EXERCISE DESCRIPTION: Without the images, print every line of the material below exactly as given.

SOURCE DATA:
*-*-*
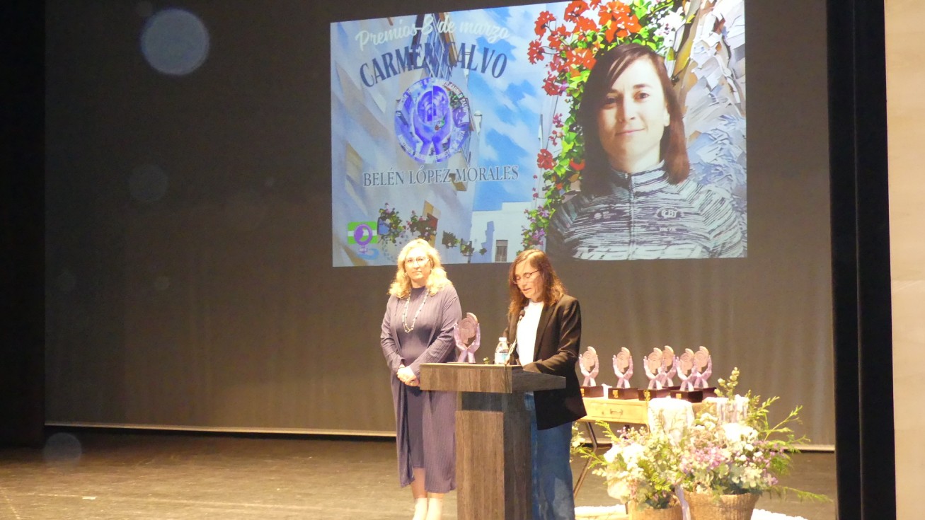Tras felicitar igualmente a las homenajeadas, se pasó a la entrega de galardones a las mujeres elegidas este año como ejemplo. La primera en subir al escenario fue la ciclista roteña Belén López Morales, una deportista que reconoció que cuando se interesó por el ciclismo, solo tenía como referente a hombres. Tardó tiempo en conocer a una ciclista francesa que su padre le decía que "lo ganaba todo" y por eso, en este foro, hoy aprovechó para enviar un mensaje sobre la importancia de que las niñas tengan referentes femeninos en todos los ámbitos.
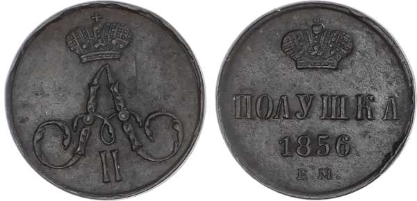 Russia, Empire. Alexander II CU Polushka (1/4 Kopeck). Ekaterinburg mint, 1856. ‡
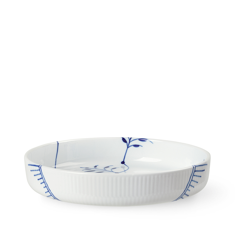 Smukt, klassisk og tidløst er lige hvad dette runde, ovnfaste fad fra Royal Copenhagens Blå Mega Riflet serie er. Nu kan du tilberede lige det du vil direkte i fadet, som du ønsker at servere fra. Så er der mindre opvask! Fadet vil pryde et hvilket som helst spisebord med sit æstetiske design, uanset om det er mandag aften, hvor hele familien samles om aftensmaden, eller om det er til middagsselskabet med venner i weekenden. Dette runde Royal Copenhagen fad er ideelt til tærter, quiche eller kartofler – alt behøver ikke være så firkantet!
*-*-*
SOLUTION FOR THIS EXERCISE:
Tras felicitar igualmente a las homenajeadas, se pasó a la entrega de galardones a las mujeres elegidas este año como ejemplo. La primera en subir al escenario fue la ciclista roteña Belén López Morales, una deportista que reconoció que cuando se interesó por el ciclismo, solo tenía como referente a hombres. Tardó tiempo en conocer a una ciclista francesa que su padre le decía que "lo ganaba todo" y por eso, en este foro, hoy aprovechó para enviar un mensaje sobre la importancia de que las niñas tengan referentes femeninos en todos los ámbitos.
 Russia, Empire. Alexander II CU Polushka (1/4 Kopeck). Ekaterinburg mint, 1856. ‡
 Smukt, klassisk og tidløst er lige hvad dette runde, ovnfaste fad fra Royal Copenhagens Blå Mega Riflet serie er. Nu kan du tilberede lige det du vil direkte i fadet, som du ønsker at servere fra. Så er der mindre opvask! Fadet vil pryde et hvilket som helst spisebord med sit æstetiske design, uanset om det er mandag aften, hvor hele familien samles om aftensmaden, eller om det er til middagsselskabet med venner i weekenden. Dette runde Royal Copenhagen fad er ideelt til tærter, quiche eller kartofler – alt behøver ikke være så firkantet!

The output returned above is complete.